Artigo redigido pelo psicólogo Bruno Ricardo Pereira Almeida 

 

O Conselho Regional de Psicologia diz: “A decisão pelo atendimento é do(a) psicólogo(a), que considerará se o atendimento interferirá negativamente nos objetivos do serviço prestado, uma vez que não há nada na regulamentação que proíba especificamente o atendimento de familiares e/ou conhecidos(as)". Ou seja, fica a critério do psicólogo e de sua abordagem teórica. Nos meus atendimentos utilizo a psicoterapia de base analítica que para poder ter um bom encontro analítico é necessário que não tenha um vinculo familiar ou amigo. 

Um exemplo
Imagina que “Fulano” é um amigo de longa data, passamos por algumas situações e histórias em comum, de repente ele vem pedir meus serviços psicólogos e eu digo que irei atendê-lo. Ao iniciarmos a terapia iríamos ter uma imagem de como é cada um de nós, eu então ficaria com alguns pontos cegos para serem analisados. Poderia fazer algumas perguntas intimas que ele não se sentiria confortável de responder, já que às vezes pode refletir sua amizade comigo.
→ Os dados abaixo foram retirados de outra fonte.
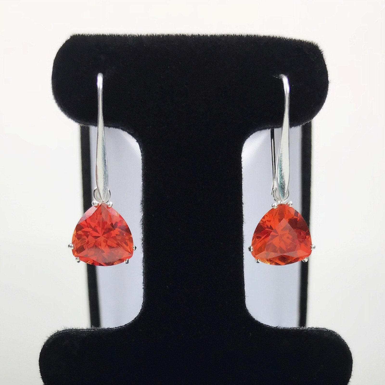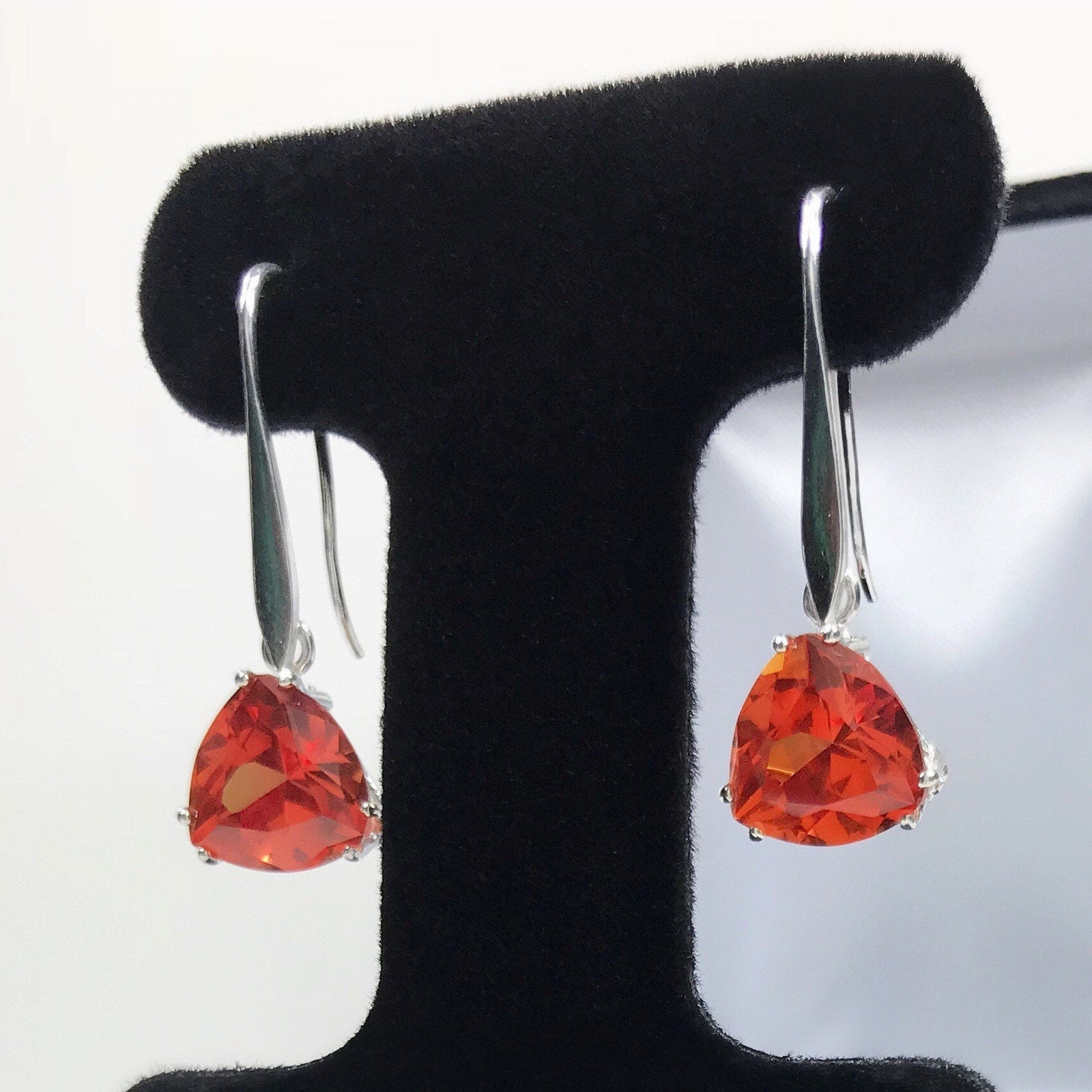 Beautiful 7ctw Trillion Cut Orange Padparadscha Sapphire & Sterling Silver Earrings Fine Jewelry Gift Orange Sapphire Triangle Drop

Na psicoterapia com base analítica é muito importante a questão de projeção e de transferência, isto é, colocar no outro aquilo que é meu ou que nego em mim, e sentimentos e emoções depositadas no psicólogo. Na terapia constantemente os pacientes projetam no psicólogo e essa projeção é muito importante para análise. Quando já temos um contato, o processo de transferência ocorre, mas não é tão significativo quanto o que se fosse atender quem não conhecemos. Pois também envolve o sentimento do psicólogo – que chamamos de contratransferência – para o paciente e quando há um contato fora do setting terapêutico perde-se a qualidade da visão do psicólogo. Por fim gostaria de dizer que na minha visão o atendimento com conhecidos e familiares não é eficaz, mas o psicólogo pode ter uma conversa como amigo e não como analista.